Provided information:
◆ ◆ ◆ ◆ ◆ ◆ ◆
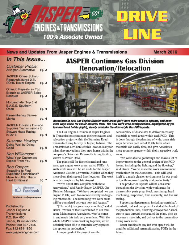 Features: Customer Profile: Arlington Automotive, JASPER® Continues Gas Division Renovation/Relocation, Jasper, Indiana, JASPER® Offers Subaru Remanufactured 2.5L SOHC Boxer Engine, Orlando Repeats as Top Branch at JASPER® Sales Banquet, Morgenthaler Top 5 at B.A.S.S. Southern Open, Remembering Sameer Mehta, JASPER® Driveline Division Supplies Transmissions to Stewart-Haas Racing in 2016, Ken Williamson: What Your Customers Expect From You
◆ ◆ ◆ ◆ ◆ ◆ ◆
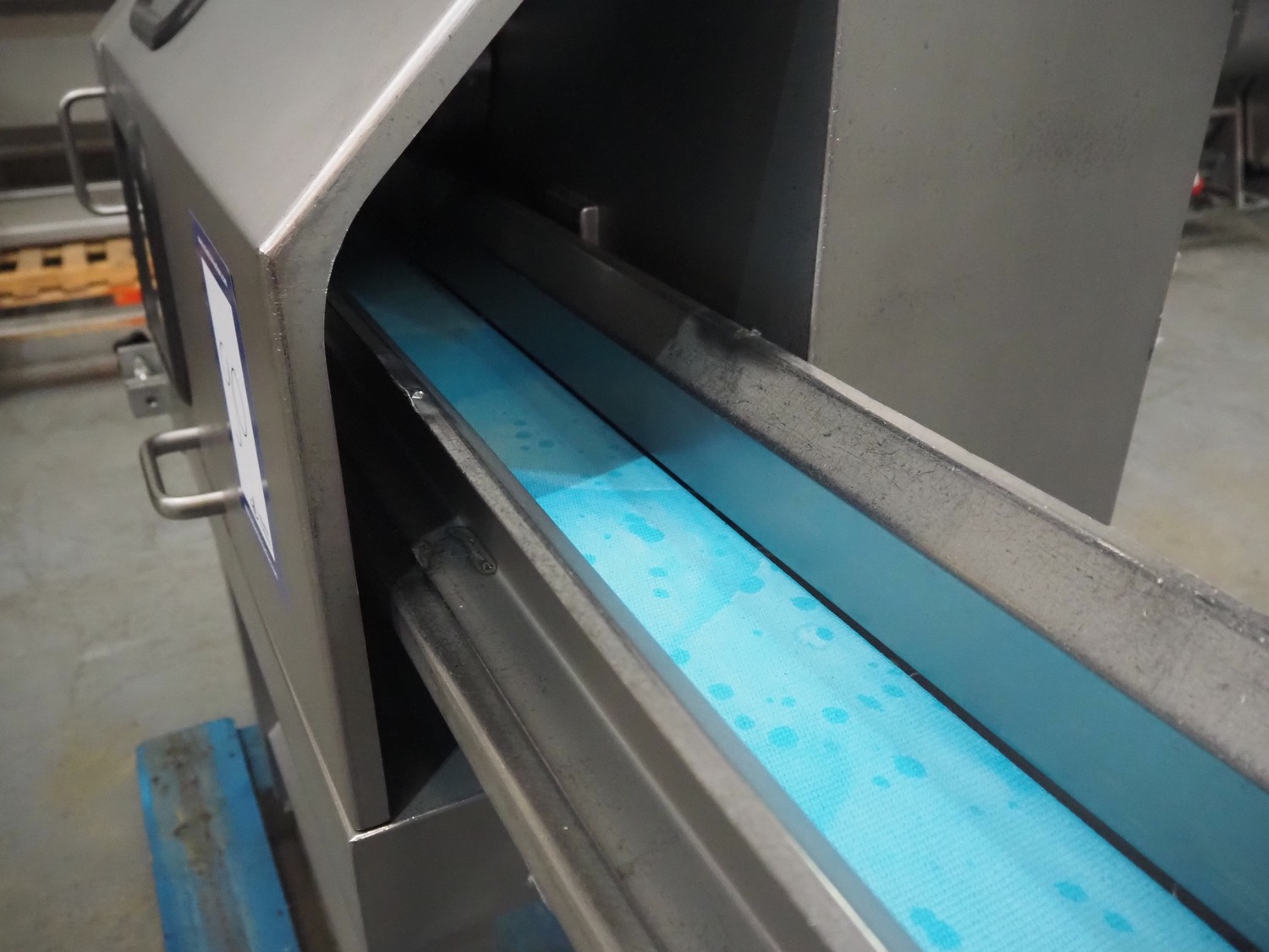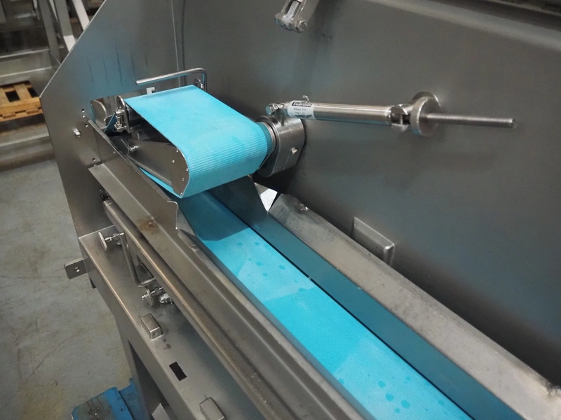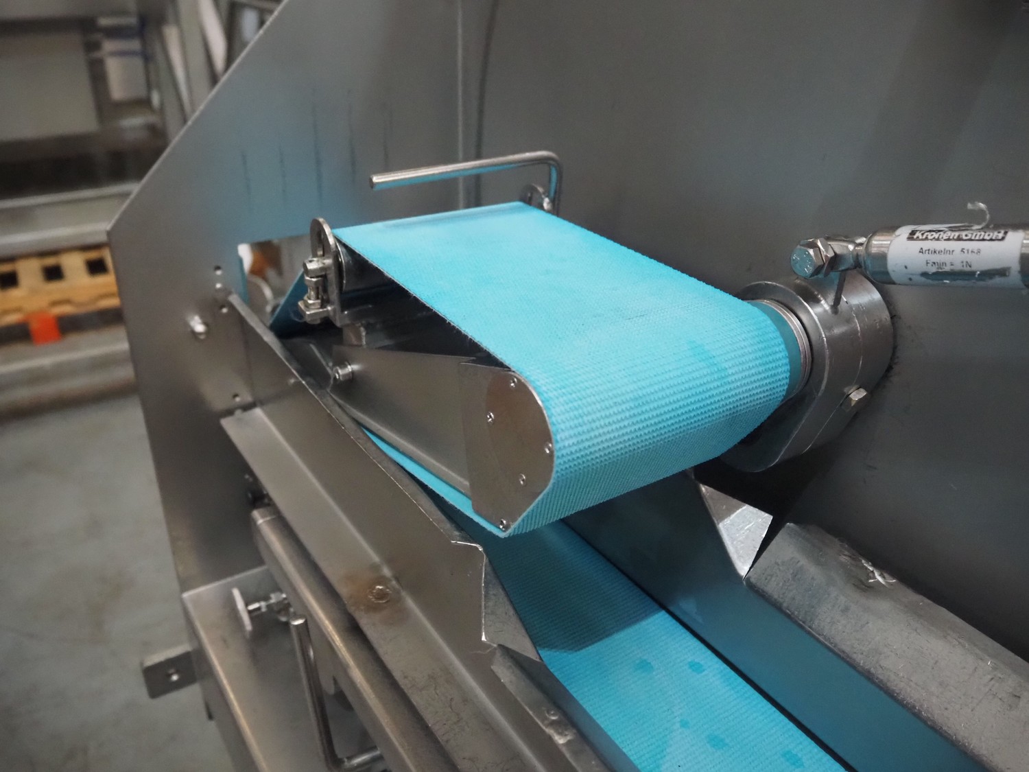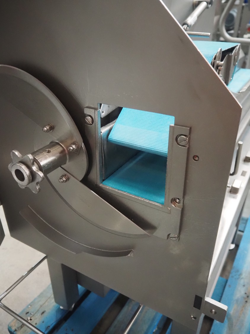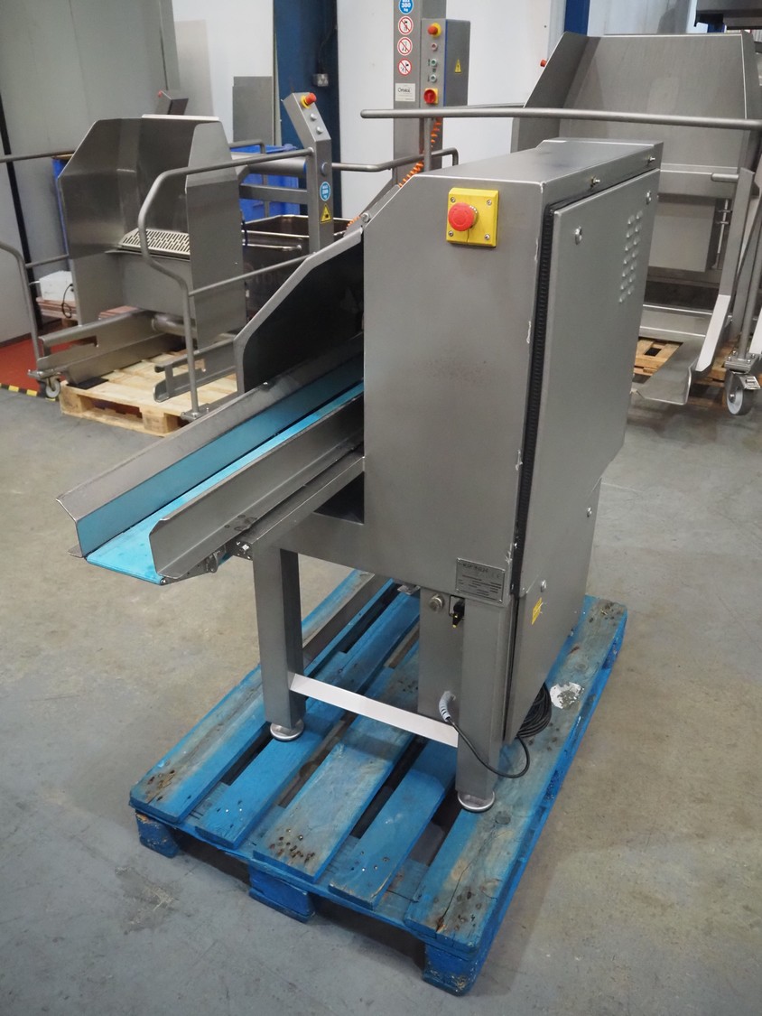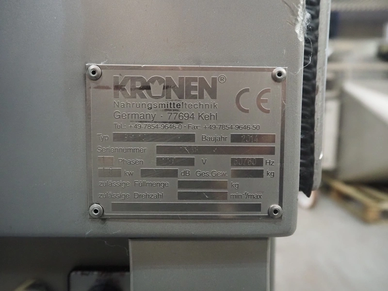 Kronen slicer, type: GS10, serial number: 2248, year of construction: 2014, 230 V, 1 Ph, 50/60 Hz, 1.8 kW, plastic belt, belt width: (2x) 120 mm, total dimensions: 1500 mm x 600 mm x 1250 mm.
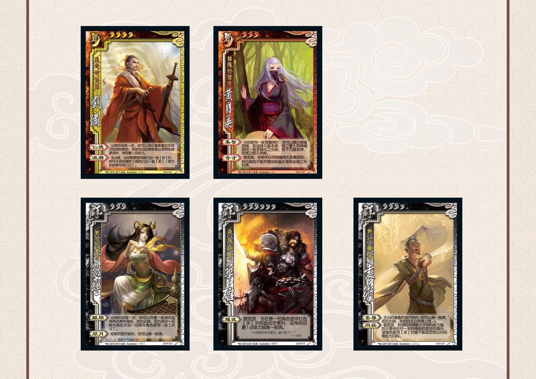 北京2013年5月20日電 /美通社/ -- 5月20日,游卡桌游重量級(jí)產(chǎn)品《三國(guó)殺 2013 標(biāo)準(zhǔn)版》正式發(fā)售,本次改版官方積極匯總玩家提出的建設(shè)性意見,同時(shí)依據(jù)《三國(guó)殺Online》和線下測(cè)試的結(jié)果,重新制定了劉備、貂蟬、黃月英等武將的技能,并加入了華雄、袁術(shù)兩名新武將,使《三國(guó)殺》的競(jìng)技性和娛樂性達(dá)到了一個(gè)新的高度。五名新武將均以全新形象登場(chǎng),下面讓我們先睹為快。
◆ ◆ ◆ ◆ ◆ ◆ ◆
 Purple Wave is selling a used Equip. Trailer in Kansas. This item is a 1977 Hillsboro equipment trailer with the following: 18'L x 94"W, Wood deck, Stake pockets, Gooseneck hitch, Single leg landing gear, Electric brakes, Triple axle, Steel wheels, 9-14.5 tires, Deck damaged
◆ ◆ ◆ ◆ ◆ ◆ ◆
Go down the entries above from the line containing "Kronen slicer, type: GS10, serial" to the line containing "北京2013年5月20日電 /美通社/ -- 5月20日,游卡桌游重量級(jí)產(chǎn)品《三國(guó)殺" and write out each line exactly, leaving pictures out.

Exercise solution:
 Kronen slicer, type: GS10, serial number: 2248, year of construction: 2014, 230 V, 1 Ph, 50/60 Hz, 1.8 kW, plastic belt, belt width: (2x) 120 mm, total dimensions: 1500 mm x 600 mm x 1250 mm.
 北京2013年5月20日電 /美通社/ -- 5月20日,游卡桌游重量級(jí)產(chǎn)品《三國(guó)殺 2013 標(biāo)準(zhǔn)版》正式發(fā)售,本次改版官方積極匯總玩家提出的建設(shè)性意見,同時(shí)依據(jù)《三國(guó)殺Online》和線下測(cè)試的結(jié)果,重新制定了劉備、貂蟬、黃月英等武將的技能,并加入了華雄、袁術(shù)兩名新武將,使《三國(guó)殺》的競(jìng)技性和娛樂性達(dá)到了一個(gè)新的高度。五名新武將均以全新形象登場(chǎng),下面讓我們先睹為快。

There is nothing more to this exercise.